What you return must match the records below character for character, except that no picture appears.

● ● ● ● ●

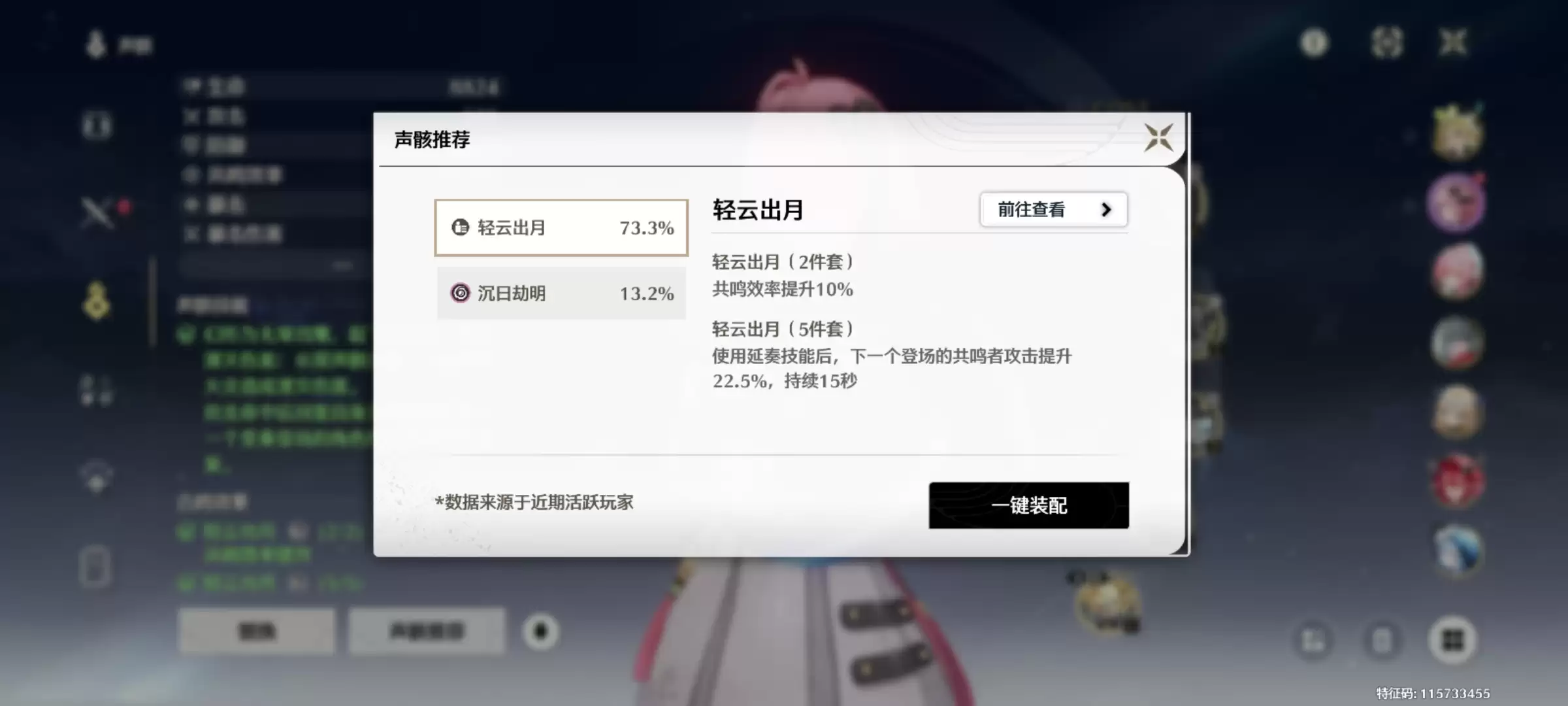 在声骸套装搭配上,「轻云出月」五件套是公认最适配、收益最稳定的选择。这套装能为桃祈提供持续且强力的辅助增益效果,是她发挥团队作用的基础保障。
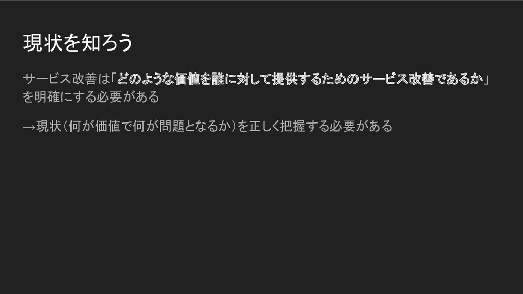 現状を知ろう サービス改善は「どのような価値を誰に対して提供するためのサービス改善であるか」 を明確にする必要がある →現状(何が価値で何が問題となるか)を正しく把握する必要がある
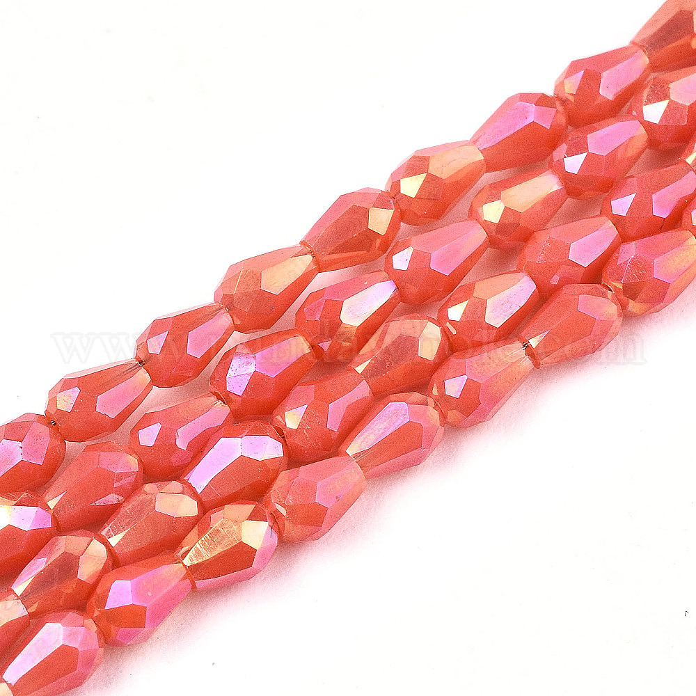 Стеклянные бусины с гальваническим покрытием , с покрытием AB цвета, Грановитая Teardrop
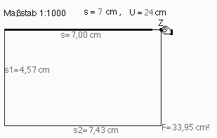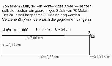 Die Abbildung 1a zeigt die offene Aufgabenstellung. Durch Verziehen von Z (symbolisiert durch die greifende Hand) verändert sich die Form des "Zaunrechtecks", dessen Umfang sich nicht ändert, wohl aber die anderen Daten (Abb. 1b); auch die Grenzlage für s1=0 cm kann realisiert werden (für die Messung des Flächeninhaltes steht ein Werkzeug zur Verfügung). Bereits hier kann der Nutzer des interaktiven Arbeitsblattes feststellen, daß der Flächeninhalt streng monoton von s2=s nach s2=U/2 abnimmt und daß das Flächenmaximum 3500m2 bei den Abmessungen 50m auf 70mangenommen wird. Die Flüchtigkeit der einzelnen Zustände erschwert eine überblickende Bewertung der entsprechenden Daten. Deswegen können diese in eine Tabelle eingetragen werden (Abb. 2). Hier könnten wir noch die Spalte s2 - s1 anfügen, die zeigt, wie der Flächeninhalt bei abnehmender Differenz zunimmt.
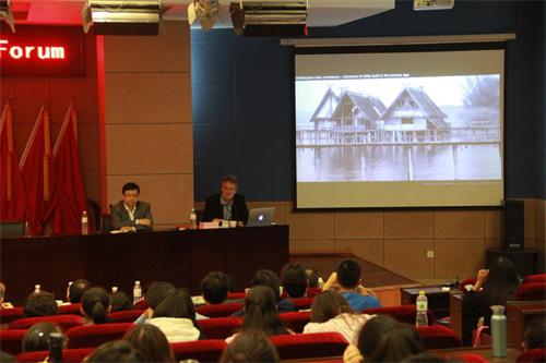 住建部部级优秀设计评委会专家委员、全国优秀建筑设计金奖获得者、山东大卫国际建筑设计有限公司总建筑师申作伟先生,他以“新中式建筑的探索与实践”为主题,从建筑设计发展的趋势和我国建筑设计的发展历程对新中式建筑的创作背景进行分析,从文化差异、地域性与民族性差异、审美趋向的差异进行传统与现代建筑的统一和建筑创作上的东西理念进行分析;日本千叶大学教授Ryosuk Shimoda在“作为日本城市与区域再生基础的自然墓地及现代两墓制的发展”讲座中分享了日本城市的区域再生理念并对中日差距进行分析;日本东京科学大学博士、东京OUVI建筑师事务所所长Shin Yokoo 在“从建筑设计和结构设计两个角度探究建筑学”中用过视频与提问的方式与大家探究建筑设计和结构设计对建筑学的重要影响;凯泽斯劳滕应用技术大学教授Werner Baeuerle在“欧洲的木构建筑:传统与现代”中强调形式来源于材料及其组织方式、建筑材料和建造工艺在某种意义上市形成建筑文化的基础,只有了解工程木材的特性及其表现方式,才能传承传统建筑文化;香港中文大学和慕尼黑工业大学客座教授、奥地利格拉茨技术大学Ferdinand Oswald先生则就“降低中国住宅空调使用率的建筑理念”讲述了香港的空调状况,指出空调多带来的污染将成为中国乃至世界的问题,并且提供了多种国际上使用建筑设计进行遮阳的新理念。
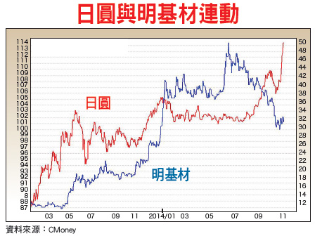 長榮航、華航、明基材、基亞、益登等等都有高度連動性的風向雞,不用「千金」就可以買到「早知道」,檢視相關線圖就一目了然。股市瞬息萬變,上市櫃股票一千五百多檔,商品市場該怎麼分析?該從什麼方向尋找標的?讓人摸不著頭緒。市場上有許多與台股有高度連動性的指標,投資人可以從中掌握領先契機。石油價格變化影響航空、塑化獲利表現燃料是航空業者成本最重的項目,燃油成本占航空業者約四成至五成左右的比重,由於散裝航運與貨運承攬業者可將油價成本完全轉嫁至貨主,將不受到油價影響獲利,因此對航空業者獲利影響較大,相關連動程度相當高,因此關注油價波動將可掌握航空業者獲利狀況。當油價未有大幅波動的時候,可以觀察到長榮航(2618)與華航(2610)的股價亦未有明顯波動,近期受到美元強勁升值加上美國石油大量產出,造成國際原油價格出現巨幅回檔,也代表飛機燃油成本降低,市場即有效率性的立刻反應股價。
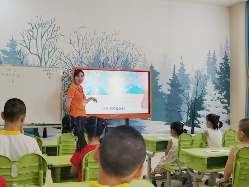 为让儿童更加深刻的领会建党的意义,加深对党的认识,活动开展以建党知识课堂、制作手工党旗和童声歌颂党三个小环节构成。老师精心地准备课程,用学生喜闻乐见的形式介绍党的历史和共产党人的故事,通过制作党旗,孩子们了解了党旗组成部分的意义:红色象征革命,黄色的锤头、镰刀代表工人和农民的劳动工具,象征着中国共产党是中国工人阶级的先锋队,代表着工人阶级和广大人民群众的根本利益。一首《红星闪闪》唱出了孩子们的心声,动人的旋律唱出久远的过去,让人想起党在历史岁月里带给中国大地的温暖和感动。
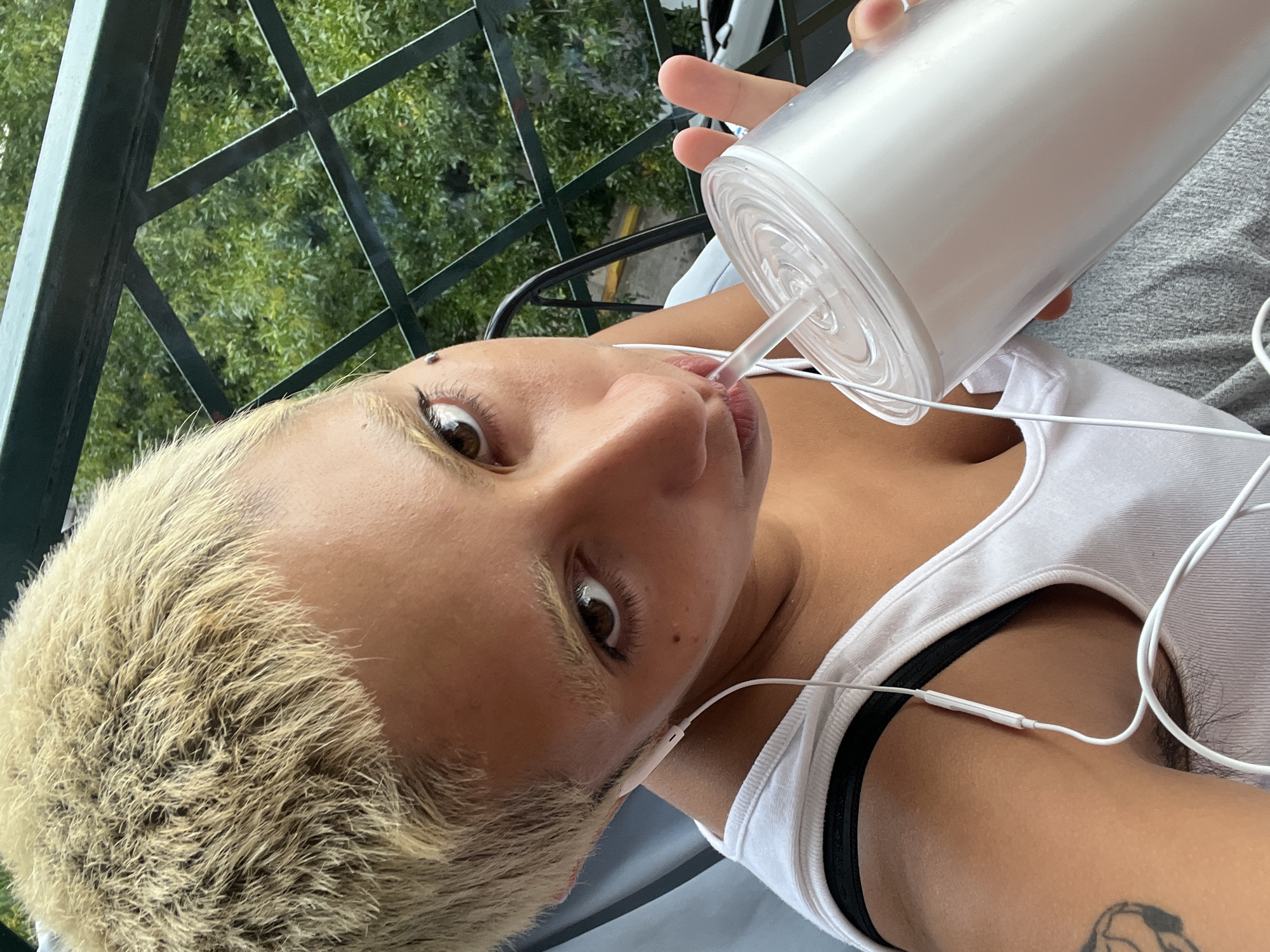 A person with short, bleached blonde hair and dark brown eyes is depicted in a close-up, selfie-style image. They are wearing a white ribbed tank top over a black bra. A small silver barbell piercing is visible above the outer corner of their right eyebrow, and a mole is present on their right cheek. White wired earbuds are visible, with the wire running down their chest. The person is actively drinking from a white plastic tumbler with a clear lid and straw, holding it with their left hand. A partial black tattoo is visible on their upper left arm. The scene is set outdoors, likely on a balcony, with a dark green metal railing prominent in the background. Beyond the railing, dense green foliage from trees is visible, with a blurred view of an urban street or ground level, including a white vehicle, in the distance. The location is the city of Buenos Aires, Argentina.
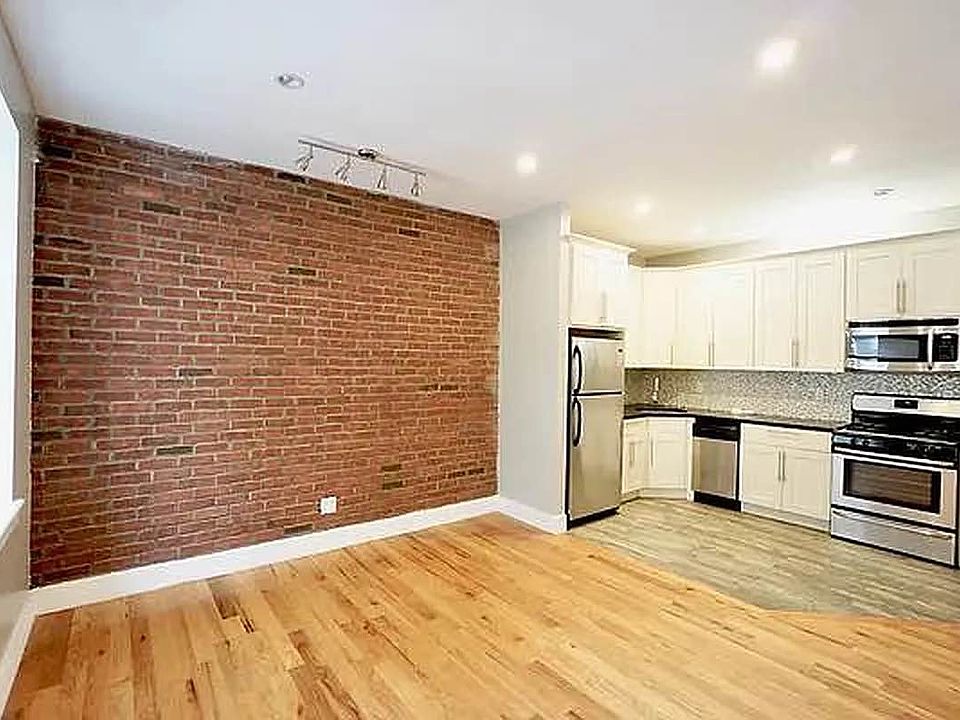 Exposed brickGreat natural lightStainless steel appliancesHardwood floors

● ● ● ● ●

## Task output
 在声骸套装搭配上,「轻云出月」五件套是公认最适配、收益最稳定的选择。这套装能为桃祈提供持续且强力的辅助增益效果,是她发挥团队作用的基础保障。
 現状を知ろう サービス改善は「どのような価値を誰に対して提供するためのサービス改善であるか」 を明確にする必要がある →現状(何が価値で何が問題となるか)を正しく把握する必要がある
 Стеклянные бусины с гальваническим покрытием , с покрытием AB цвета, Грановитая Teardrop
 Die Abbildung 1a zeigt die offene Aufgabenstellung. Durch Verziehen von Z (symbolisiert durch die greifende Hand) verändert sich die Form des "Zaunrechtecks", dessen Umfang sich nicht ändert, wohl aber die anderen Daten (Abb. 1b); auch die Grenzlage für s1=0 cm kann realisiert werden (für die Messung des Flächeninhaltes steht ein Werkzeug zur Verfügung). Bereits hier kann der Nutzer des interaktiven Arbeitsblattes feststellen, daß der Flächeninhalt streng monoton von s2=s nach s2=U/2 abnimmt und daß das Flächenmaximum 3500m2 bei den Abmessungen 50m auf 70mangenommen wird. Die Flüchtigkeit der einzelnen Zustände erschwert eine überblickende Bewertung der entsprechenden Daten. Deswegen können diese in eine Tabelle eingetragen werden (Abb. 2). Hier könnten wir noch die Spalte s2 - s1 anfügen, die zeigt, wie der Flächeninhalt bei abnehmender Differenz zunimmt.
 住建部部级优秀设计评委会专家委员、全国优秀建筑设计金奖获得者、山东大卫国际建筑设计有限公司总建筑师申作伟先生,他以“新中式建筑的探索与实践”为主题,从建筑设计发展的趋势和我国建筑设计的发展历程对新中式建筑的创作背景进行分析,从文化差异、地域性与民族性差异、审美趋向的差异进行传统与现代建筑的统一和建筑创作上的东西理念进行分析;日本千叶大学教授Ryosuk Shimoda在“作为日本城市与区域再生基础的自然墓地及现代两墓制的发展”讲座中分享了日本城市的区域再生理念并对中日差距进行分析;日本东京科学大学博士、东京OUVI建筑师事务所所长Shin Yokoo 在“从建筑设计和结构设计两个角度探究建筑学”中用过视频与提问的方式与大家探究建筑设计和结构设计对建筑学的重要影响;凯泽斯劳滕应用技术大学教授Werner Baeuerle在“欧洲的木构建筑:传统与现代”中强调形式来源于材料及其组织方式、建筑材料和建造工艺在某种意义上市形成建筑文化的基础,只有了解工程木材的特性及其表现方式,才能传承传统建筑文化;香港中文大学和慕尼黑工业大学客座教授、奥地利格拉茨技术大学Ferdinand Oswald先生则就“降低中国住宅空调使用率的建筑理念”讲述了香港的空调状况,指出空调多带来的污染将成为中国乃至世界的问题,并且提供了多种国际上使用建筑设计进行遮阳的新理念。
 長榮航、華航、明基材、基亞、益登等等都有高度連動性的風向雞,不用「千金」就可以買到「早知道」,檢視相關線圖就一目了然。股市瞬息萬變,上市櫃股票一千五百多檔,商品市場該怎麼分析?該從什麼方向尋找標的?讓人摸不著頭緒。市場上有許多與台股有高度連動性的指標,投資人可以從中掌握領先契機。石油價格變化影響航空、塑化獲利表現燃料是航空業者成本最重的項目,燃油成本占航空業者約四成至五成左右的比重,由於散裝航運與貨運承攬業者可將油價成本完全轉嫁至貨主,將不受到油價影響獲利,因此對航空業者獲利影響較大,相關連動程度相當高,因此關注油價波動將可掌握航空業者獲利狀況。當油價未有大幅波動的時候,可以觀察到長榮航(2618)與華航(2610)的股價亦未有明顯波動,近期受到美元強勁升值加上美國石油大量產出,造成國際原油價格出現巨幅回檔,也代表飛機燃油成本降低,市場即有效率性的立刻反應股價。
 为让儿童更加深刻的领会建党的意义,加深对党的认识,活动开展以建党知识课堂、制作手工党旗和童声歌颂党三个小环节构成。老师精心地准备课程,用学生喜闻乐见的形式介绍党的历史和共产党人的故事,通过制作党旗,孩子们了解了党旗组成部分的意义:红色象征革命,黄色的锤头、镰刀代表工人和农民的劳动工具,象征着中国共产党是中国工人阶级的先锋队,代表着工人阶级和广大人民群众的根本利益。一首《红星闪闪》唱出了孩子们的心声,动人的旋律唱出久远的过去,让人想起党在历史岁月里带给中国大地的温暖和感动。
 A person with short, bleached blonde hair and dark brown eyes is depicted in a close-up, selfie-style image. They are wearing a white ribbed tank top over a black bra. A small silver barbell piercing is visible above the outer corner of their right eyebrow, and a mole is present on their right cheek. White wired earbuds are visible, with the wire running down their chest. The person is actively drinking from a white plastic tumbler with a clear lid and straw, holding it with their left hand. A partial black tattoo is visible on their upper left arm. The scene is set outdoors, likely on a balcony, with a dark green metal railing prominent in the background. Beyond the railing, dense green foliage from trees is visible, with a blurred view of an urban street or ground level, including a white vehicle, in the distance. The location is the city of Buenos Aires, Argentina.
 Exposed brickGreat natural lightStainless steel appliancesHardwood floors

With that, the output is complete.